━━━ Extracted data ━━━

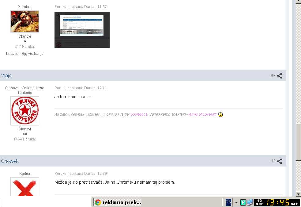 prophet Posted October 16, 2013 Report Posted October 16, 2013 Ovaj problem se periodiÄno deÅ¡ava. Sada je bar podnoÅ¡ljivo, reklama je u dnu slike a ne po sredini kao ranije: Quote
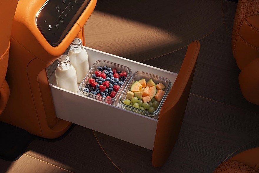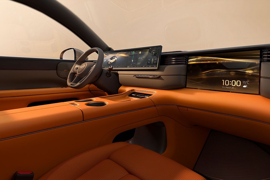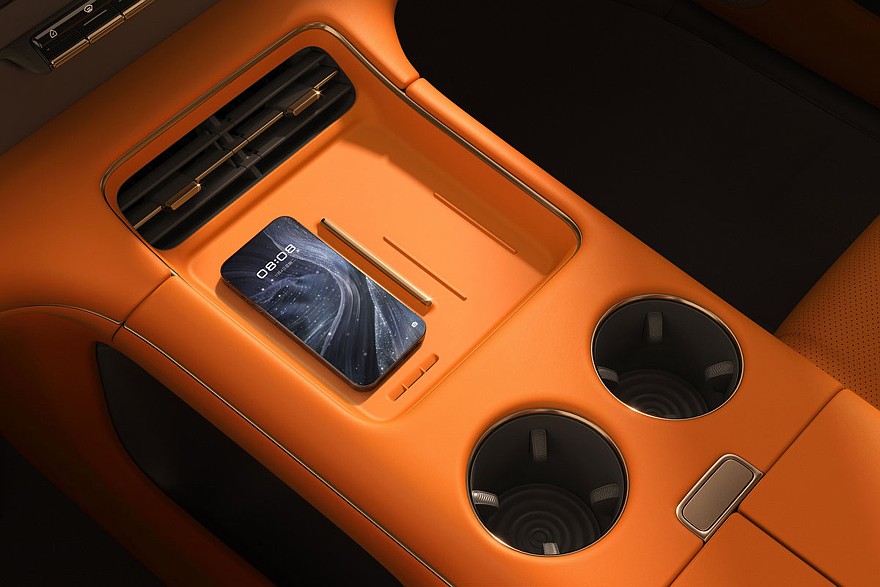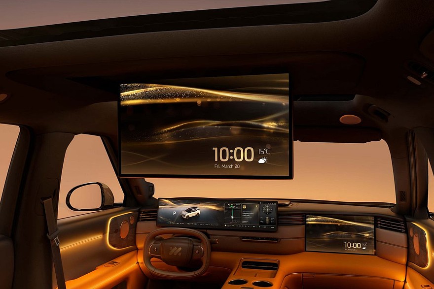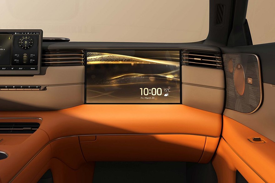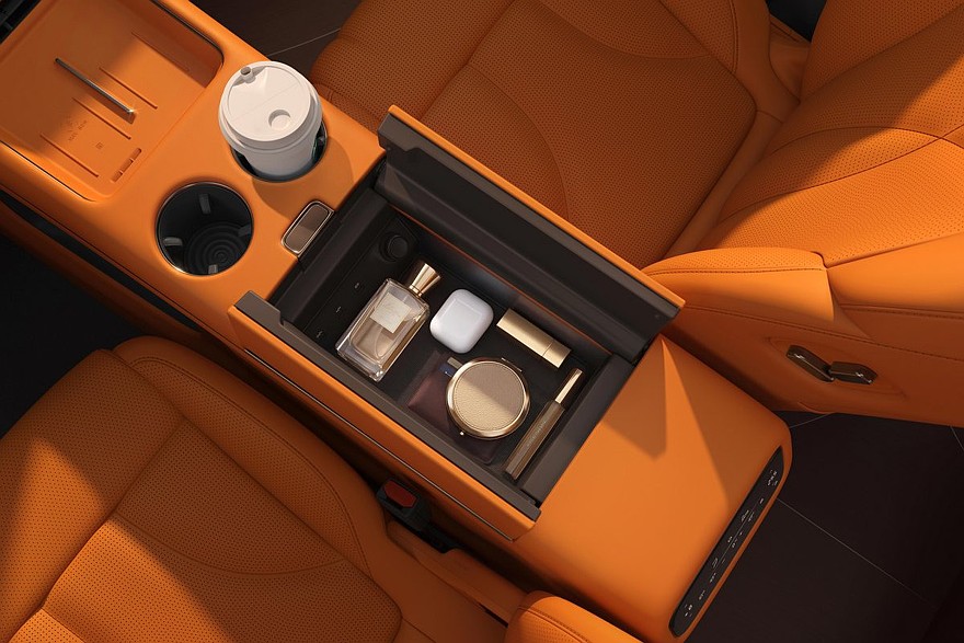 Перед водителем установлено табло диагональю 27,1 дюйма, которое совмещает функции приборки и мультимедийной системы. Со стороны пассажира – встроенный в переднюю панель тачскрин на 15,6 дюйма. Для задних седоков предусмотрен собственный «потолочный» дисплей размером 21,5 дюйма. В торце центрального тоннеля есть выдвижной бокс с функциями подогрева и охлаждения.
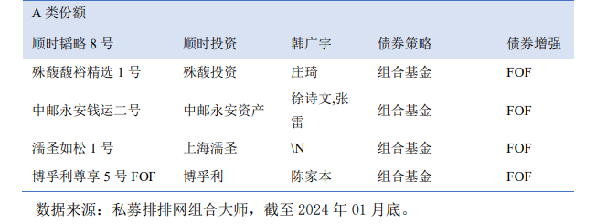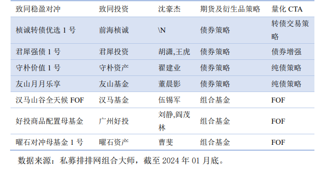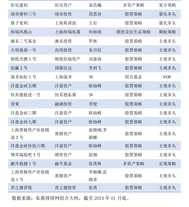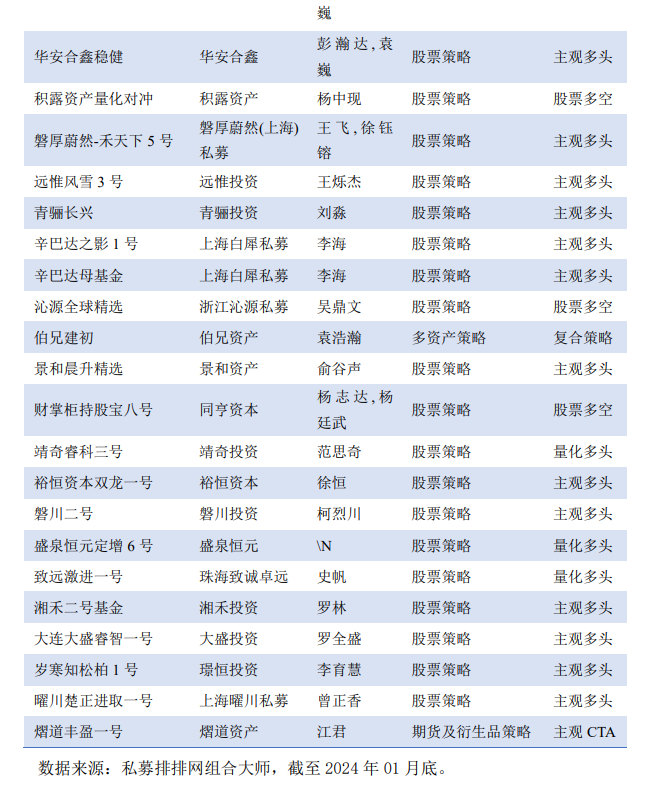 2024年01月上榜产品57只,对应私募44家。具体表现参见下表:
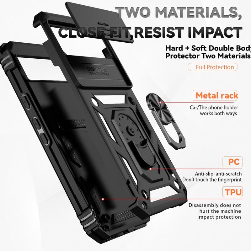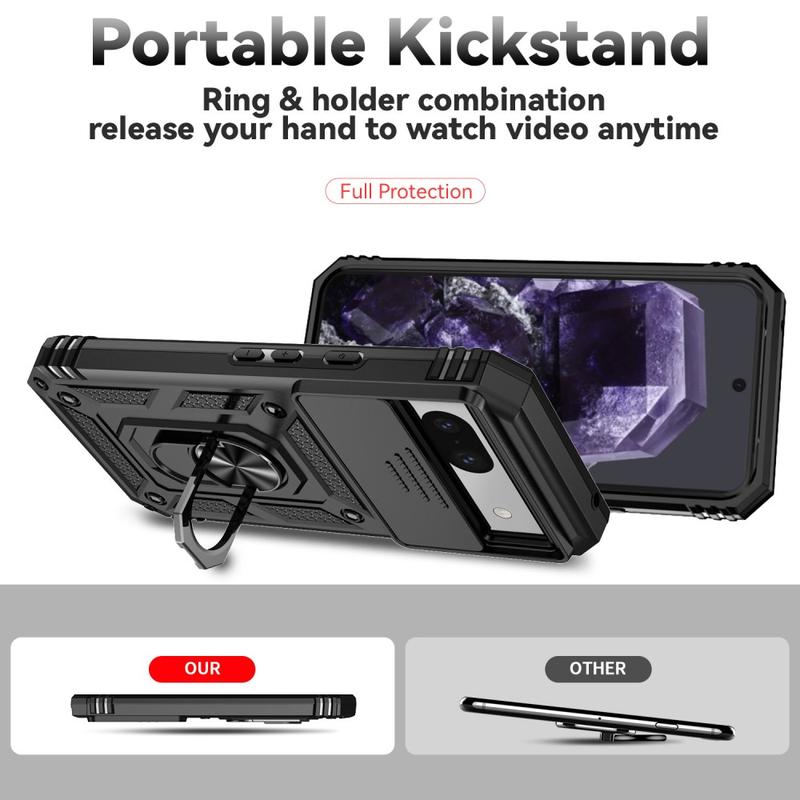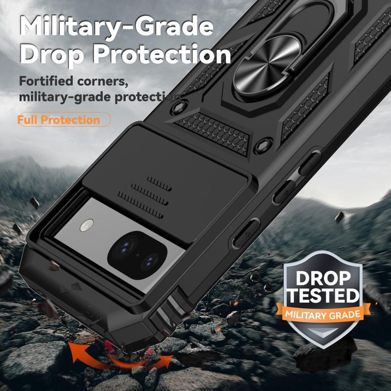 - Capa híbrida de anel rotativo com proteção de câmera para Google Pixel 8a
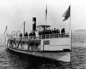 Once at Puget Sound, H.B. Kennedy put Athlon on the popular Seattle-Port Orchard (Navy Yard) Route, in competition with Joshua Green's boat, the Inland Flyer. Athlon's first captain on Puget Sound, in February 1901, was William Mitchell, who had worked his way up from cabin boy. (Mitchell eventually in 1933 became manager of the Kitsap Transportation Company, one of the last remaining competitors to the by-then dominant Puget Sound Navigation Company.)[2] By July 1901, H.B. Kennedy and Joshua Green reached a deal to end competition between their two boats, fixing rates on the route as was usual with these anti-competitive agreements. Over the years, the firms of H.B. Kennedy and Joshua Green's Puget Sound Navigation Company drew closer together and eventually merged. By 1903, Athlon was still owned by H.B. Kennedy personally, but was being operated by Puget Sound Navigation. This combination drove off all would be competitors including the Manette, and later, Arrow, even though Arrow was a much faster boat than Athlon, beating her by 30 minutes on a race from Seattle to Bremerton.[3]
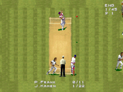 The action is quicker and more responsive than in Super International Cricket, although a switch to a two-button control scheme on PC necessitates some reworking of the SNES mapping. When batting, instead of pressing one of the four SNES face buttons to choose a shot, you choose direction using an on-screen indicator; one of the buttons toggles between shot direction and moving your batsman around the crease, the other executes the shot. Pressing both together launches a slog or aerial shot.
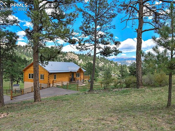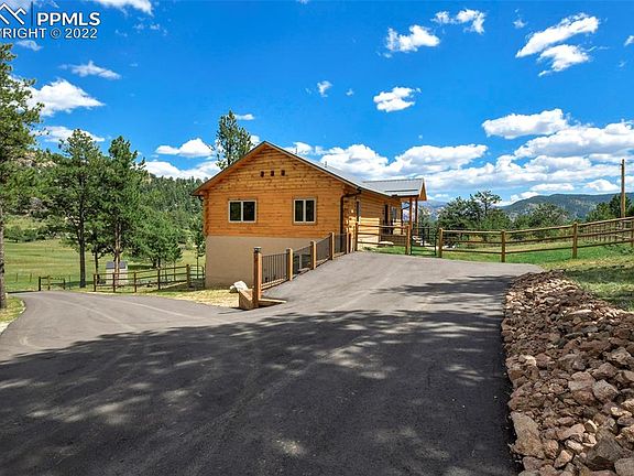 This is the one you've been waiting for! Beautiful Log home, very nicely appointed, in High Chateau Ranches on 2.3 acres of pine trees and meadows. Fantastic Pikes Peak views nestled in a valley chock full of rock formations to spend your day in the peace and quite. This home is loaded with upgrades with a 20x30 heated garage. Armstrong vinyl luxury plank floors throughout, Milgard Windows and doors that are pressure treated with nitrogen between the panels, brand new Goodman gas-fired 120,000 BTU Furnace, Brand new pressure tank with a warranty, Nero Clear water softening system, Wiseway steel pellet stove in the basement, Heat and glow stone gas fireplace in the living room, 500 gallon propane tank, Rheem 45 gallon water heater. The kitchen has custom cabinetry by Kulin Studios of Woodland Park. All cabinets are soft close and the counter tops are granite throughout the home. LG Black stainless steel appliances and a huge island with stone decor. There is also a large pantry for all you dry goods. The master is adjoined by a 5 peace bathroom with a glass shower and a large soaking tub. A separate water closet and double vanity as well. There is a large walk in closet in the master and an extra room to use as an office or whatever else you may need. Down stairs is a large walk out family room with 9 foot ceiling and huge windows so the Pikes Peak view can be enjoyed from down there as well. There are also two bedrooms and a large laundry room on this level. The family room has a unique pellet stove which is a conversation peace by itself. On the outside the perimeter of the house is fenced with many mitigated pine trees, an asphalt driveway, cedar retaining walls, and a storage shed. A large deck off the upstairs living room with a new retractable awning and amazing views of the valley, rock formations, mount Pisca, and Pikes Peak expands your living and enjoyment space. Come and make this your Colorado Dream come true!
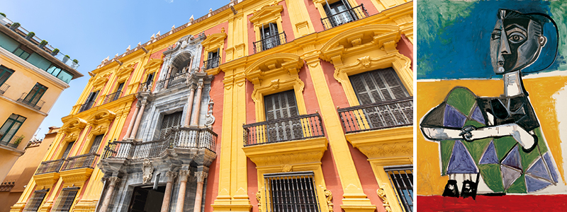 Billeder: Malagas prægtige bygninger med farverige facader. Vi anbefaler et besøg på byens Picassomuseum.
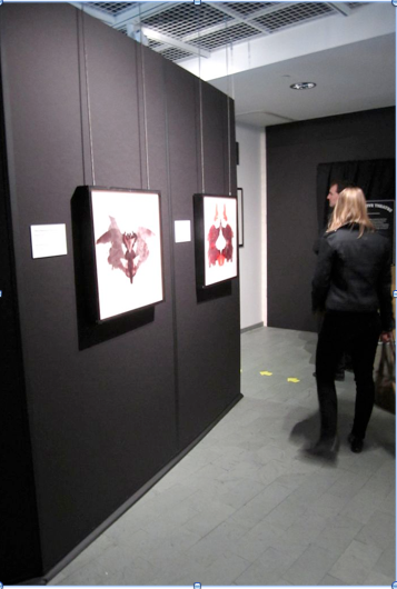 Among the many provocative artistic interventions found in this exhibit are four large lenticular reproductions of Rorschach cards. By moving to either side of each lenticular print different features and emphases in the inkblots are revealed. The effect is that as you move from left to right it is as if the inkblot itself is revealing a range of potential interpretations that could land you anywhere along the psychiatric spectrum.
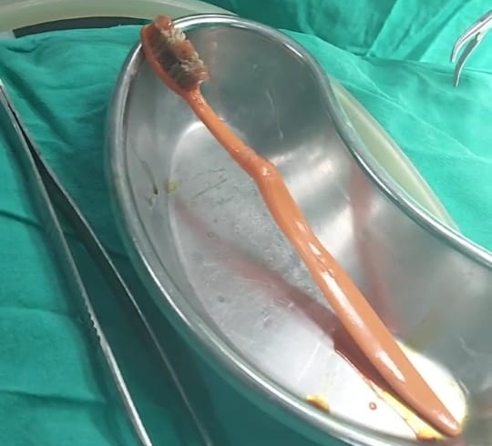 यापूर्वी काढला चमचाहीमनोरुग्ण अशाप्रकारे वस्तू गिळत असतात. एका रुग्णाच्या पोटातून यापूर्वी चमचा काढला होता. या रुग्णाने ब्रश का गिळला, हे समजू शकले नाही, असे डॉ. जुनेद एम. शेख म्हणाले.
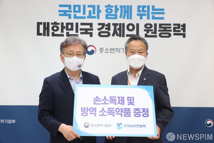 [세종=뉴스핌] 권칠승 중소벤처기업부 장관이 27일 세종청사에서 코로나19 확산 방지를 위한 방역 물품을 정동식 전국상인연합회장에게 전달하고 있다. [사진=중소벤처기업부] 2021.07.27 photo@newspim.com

━━━

- Aim of the exercise -
Leave out the pictures, and write out exactly the lines from the line containing "यापूर्वी काढला चमचाहीमनोरुग्ण" through the end of the records above.

- Output below -
 यापूर्वी काढला चमचाहीमनोरुग्ण अशाप्रकारे वस्तू गिळत असतात. एका रुग्णाच्या पोटातून यापूर्वी चमचा काढला होता. या रुग्णाने ब्रश का गिळला, हे समजू शकले नाही, असे डॉ. जुनेद एम. शेख म्हणाले.
 [세종=뉴스핌] 권칠승 중소벤처기업부 장관이 27일 세종청사에서 코로나19 확산 방지를 위한 방역 물품을 정동식 전국상인연합회장에게 전달하고 있다. [사진=중소벤처기업부] 2021.07.27 photo@newspim.com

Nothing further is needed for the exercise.